1)さて、情報科学や情報工学の任務が「人間の感覚を拡大させ多様化させること」にあるように、インターネットの本質は、その感覚に関わる部分でのコミュニケーションの拡大と多様化を点にある。すなわち、同じ次元の仲間同士や産業同士の交通やコミュニケーションの段階から、「個人と大企業」、「個人と国家」というように異次元
の交通やコミュニケーションの段階まで付加し拡大し多様化する点にある。
2)情報科学、情報工学、インターネットの発達は、知識や生活の利便性を拡大させ増大させ、人間の精神や心にも「影響を与える」面もあるるしても、その人間の精神や心を発達させることはできない。情報科学、情報工学、インターネットが発達したとしても、「人間の喜怒哀楽」はなくならないし、「カッとして人を……殴るということは昔も今も」これからもなくならない。

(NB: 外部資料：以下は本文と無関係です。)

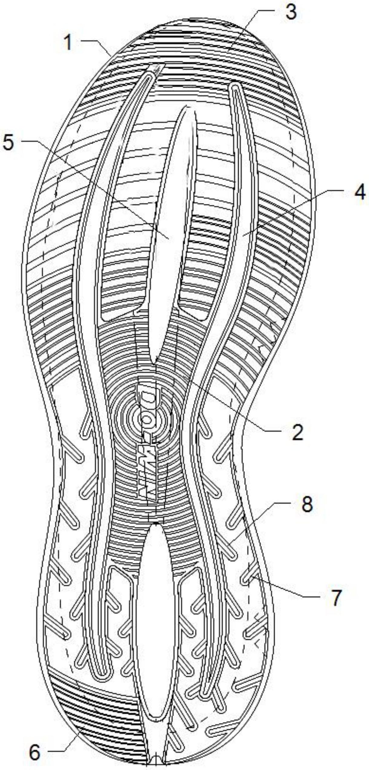 本实用新型公开了稳定路跑鞋,属于动运鞋技术领域,包括鞋底和单层贾卡鞋面,所述单层贾卡鞋面与鞋底固定连接,所述鞋底的头部最大宽度是跟部最大宽度的1.25倍,所述鞋底的跟部下端开设有第一U形纹和第二U形纹,所述第一U形纹和第二U形纹呈倒八字分布,所述鞋底的中部下端开设有第一收胀槽和第二收胀槽,所述第一收胀槽和第二收胀槽均设有一对,使第一U形纹和第二U形纹外侧部分避开沙粒,提高了抗沙粒或积水防滑的能力,鞋底前部与地面接触后,利用第一收胀槽、第二收胀槽受压膨胀和弧形纹弯曲增加第一收胀槽和第二收胀槽膨胀范围,使鞋底前部在抓地的瞬间增加抓地范围提高稳定性,从而提高了实用性。
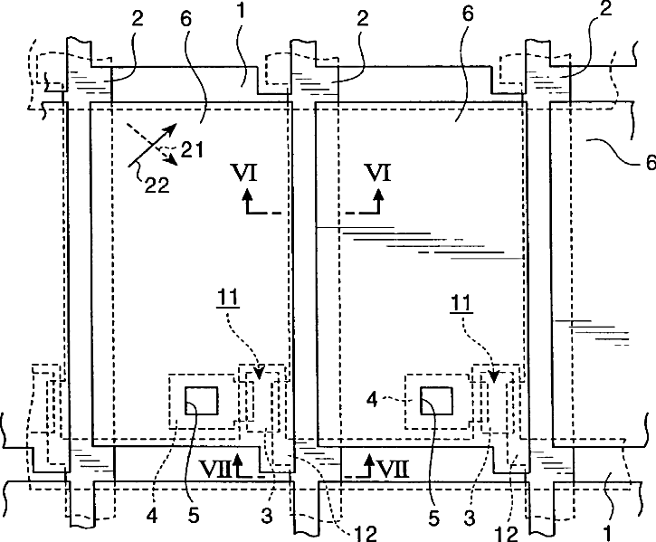 Liquid crystal display device in which neighboring pixel electrodes overlap source line by different widths

3)「自己表出」と「指示表出」の構造としての言語論に即して言えば、次のように言うことができる。「指示表出」の第一義的な典型は、指示性の最も強度な名詞、代名詞にある。情報を記号として扱う情報科学や情報工学やインターネットの目的は、人間の感覚的部分に関わるコミュニケーションの拡大と多様化にある。このベクトルは、言語の「指示表出」のベクトルと同じである。したがって、それらの発達は、言語の「指示表出」の機能も発達させ拡大させ多様化させる。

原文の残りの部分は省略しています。